De precibus publicis dicendis in lingua vulgari
Lingua populo non intellect publicas in ecclesia preces peragere, aut Sacramenta administrare, verbo Dei et primitivae Ecclesiae consuetudini plane repugnant.
Fr. Laurence Wells
At first glance, Article 23 sounds extremely Protestant, as that term is commonly understood nowadays. It does not speak of priesthood but of an “office of public preaching.” It does not mention bishops, but merely “men to have public authority given unto them,” without specifying exactly how this “public authority” comes to them. We hear nothing here of the threefold ministry, nor of any sacerdotal power to confect sacraments (although the term “potestas” is used in another context), nor of any “character indelibilis.” But at the same time there is nothing here that could be labeled as Erastian (the doctrine baffling to Americans, which the mother Church of Anglicanism has been accused of, that the Church is a department of state and subject to the control of the secular state).

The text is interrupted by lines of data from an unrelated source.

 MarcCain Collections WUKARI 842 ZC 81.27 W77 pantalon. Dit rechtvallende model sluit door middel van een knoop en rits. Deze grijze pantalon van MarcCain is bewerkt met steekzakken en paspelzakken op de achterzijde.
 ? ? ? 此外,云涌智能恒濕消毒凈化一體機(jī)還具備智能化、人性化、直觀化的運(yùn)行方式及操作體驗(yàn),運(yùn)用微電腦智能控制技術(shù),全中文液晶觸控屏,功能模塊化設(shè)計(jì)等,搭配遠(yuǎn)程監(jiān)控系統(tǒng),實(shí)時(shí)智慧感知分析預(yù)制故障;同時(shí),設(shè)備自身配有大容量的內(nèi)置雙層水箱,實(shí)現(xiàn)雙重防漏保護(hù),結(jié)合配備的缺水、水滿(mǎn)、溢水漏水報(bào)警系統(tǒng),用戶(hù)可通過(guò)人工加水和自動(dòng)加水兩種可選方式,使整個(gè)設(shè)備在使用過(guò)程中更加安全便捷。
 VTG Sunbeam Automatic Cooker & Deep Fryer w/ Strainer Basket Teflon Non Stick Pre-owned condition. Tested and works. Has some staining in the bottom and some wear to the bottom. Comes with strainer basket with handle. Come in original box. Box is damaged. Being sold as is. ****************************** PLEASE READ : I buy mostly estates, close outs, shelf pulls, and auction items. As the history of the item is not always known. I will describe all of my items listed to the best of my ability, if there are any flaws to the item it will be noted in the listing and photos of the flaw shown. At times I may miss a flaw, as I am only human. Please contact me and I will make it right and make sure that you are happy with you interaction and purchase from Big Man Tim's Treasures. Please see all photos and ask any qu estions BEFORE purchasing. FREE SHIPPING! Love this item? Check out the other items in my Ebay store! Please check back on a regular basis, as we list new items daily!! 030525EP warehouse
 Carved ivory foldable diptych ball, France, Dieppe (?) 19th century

This article reminds us that the Elizabethan Doctors were battling on two fronts. So far, the Articles are mostly concerned with the various debates between the Reformation and the Church of Rome. But here the issue was not with Rome but with the radical sectarians at the fringe of the Reformation.
When a man undertakes to lead public worship, to expound the Scriptures and preach the Gospel, and to administer the Sacraments, what is the source of his license for such highly presumptuous acts? Where there is a prevailing belief in a “priesthood of all believers” the explanation is simple. The assembly of believers has elected someone to preside and has deputized him or her to take charge at both pulpit and table. While Lutheranism tended somewhat in that direction, for the record we must say this was never a classical Calvinist, Reformed or Presbyterian concept of doing things “decently and in order.”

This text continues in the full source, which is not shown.